## Task instructions
Below is a listing with pictures. Repeat exactly the lines starting at the one holding "さて皆さんは「お友だちを大切" and going on through the one holding "مادربرد ایسوس ASUS", and leave every picture out.

## Available records
━━━━━━━━━━━━━━━━━━━━

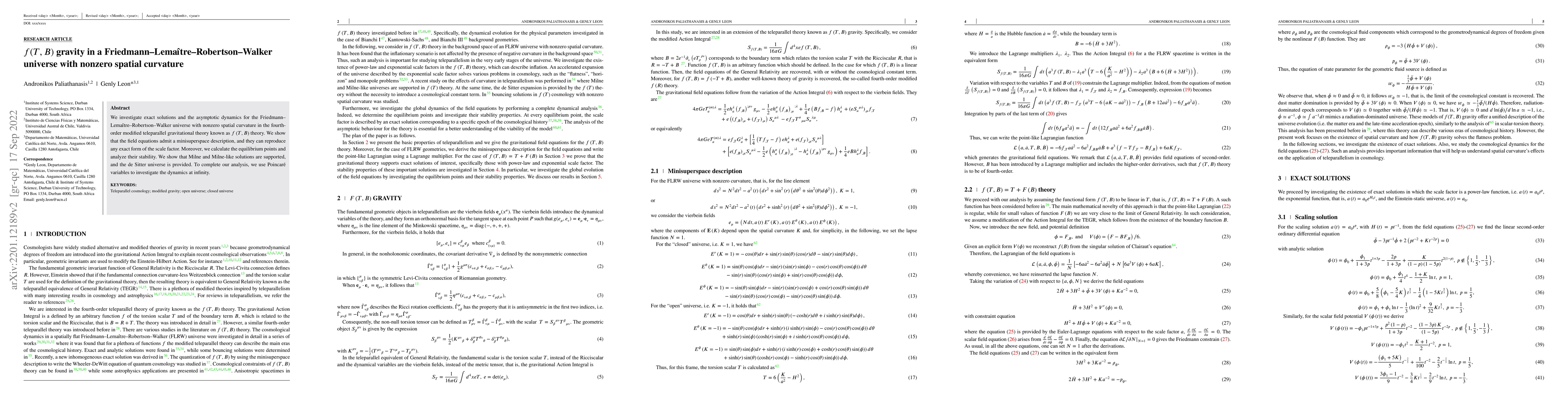 We investigate exact solutions and the asymptotic dynamics for the Friedmann-Lema\^{\i}tre-Robertson-Walker universe with nonzero spatial curvature in the fourth-order modified teleparallel gravitational theory known as $f\left( T, B\right) $ theory. We show that the field equations admit a minisuperspace description, and they can reproduce any exact form of the scale factor. Moreover, we calculate the equilibrium points and analyze their stability. We show that Milne and Milne-like solutions are supported, and the de Sitter universe is provided. To complete our analysis, we use Poincar\'e variables to investigate the dynamics at infinity.
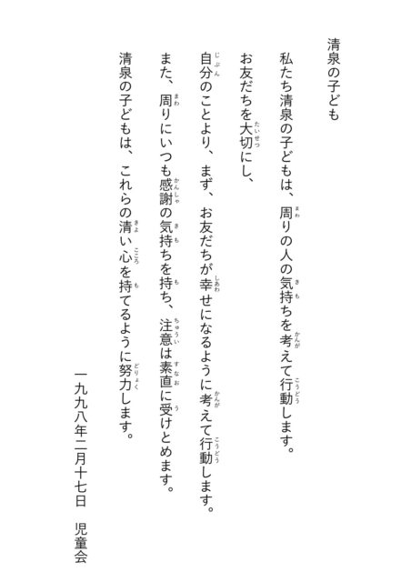 さて皆さんは「お友だちを大切に」「誠実に」過ごせていますか。振り返ってみましょう。
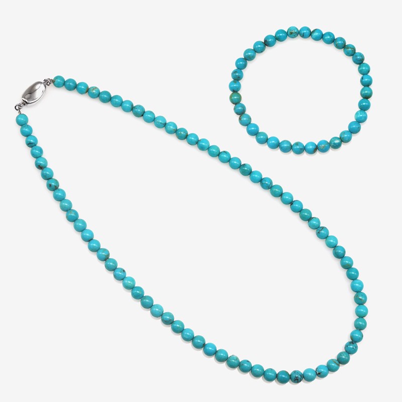 터키석 목걸이 팔찌 세트(6mm) HSNB-231446
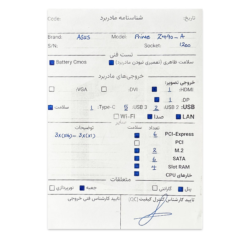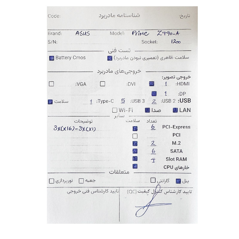 مادربرد ایسوس ASUS Prime Z490-A استوک در حد نو
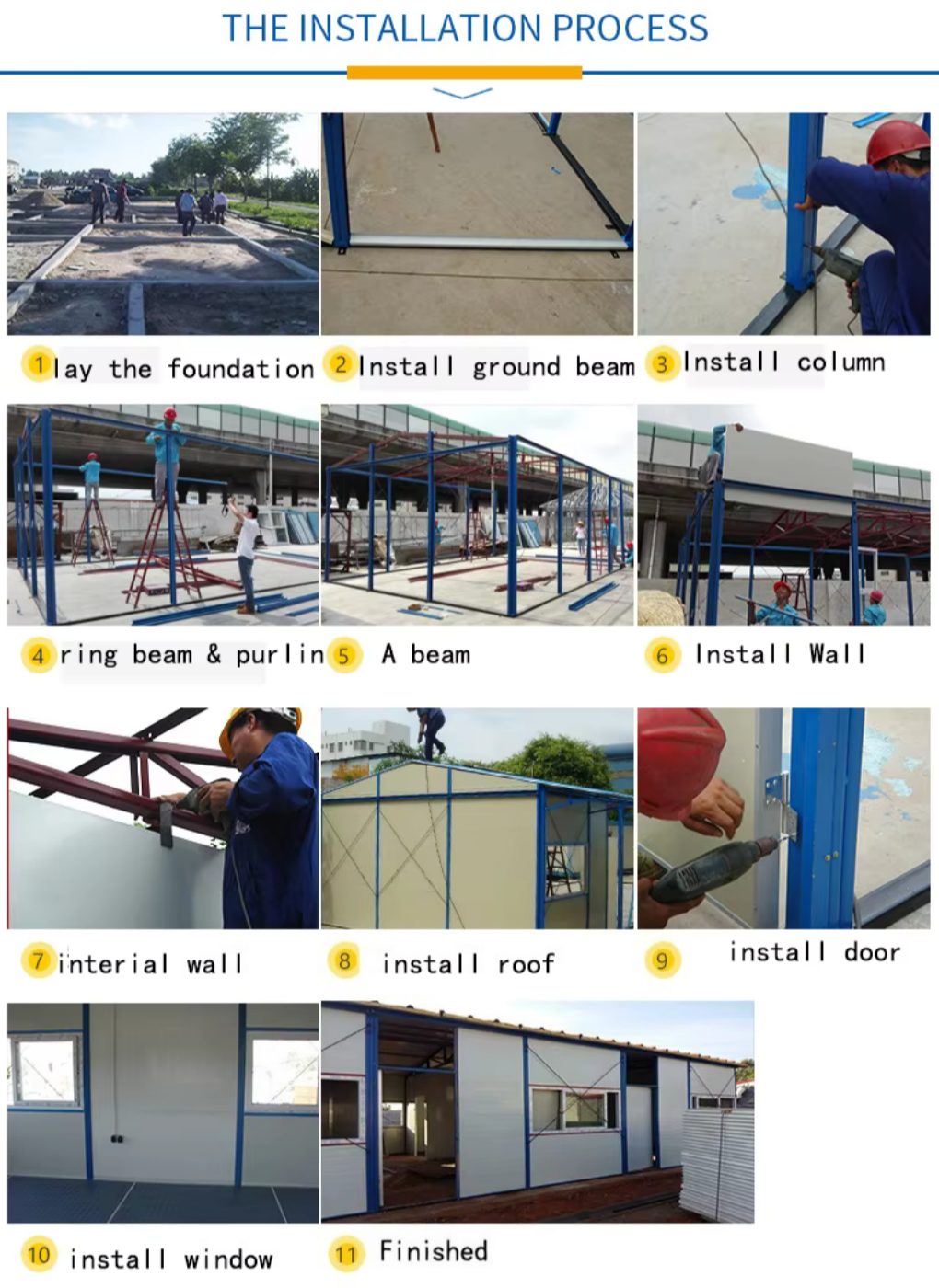 Cheap light steel structure prefabricated house is widely using in the different industry: the temporary house for road, railway and building site,etc. Also can be as temporary office, meeting room, headquarters, public accommodation and temporary store , school, hospital, parking lots, show rooms, electric house, repairing shop, gasstation etc.

━━━━━━━━━━━━━━━━━━━━

## Written response
 さて皆さんは「お友だちを大切に」「誠実に」過ごせていますか。振り返ってみましょう。
 터키석 목걸이 팔찌 세트(6mm) HSNB-231446
 مادربرد ایسوس ASUS Prime Z490-A استوک در حد نو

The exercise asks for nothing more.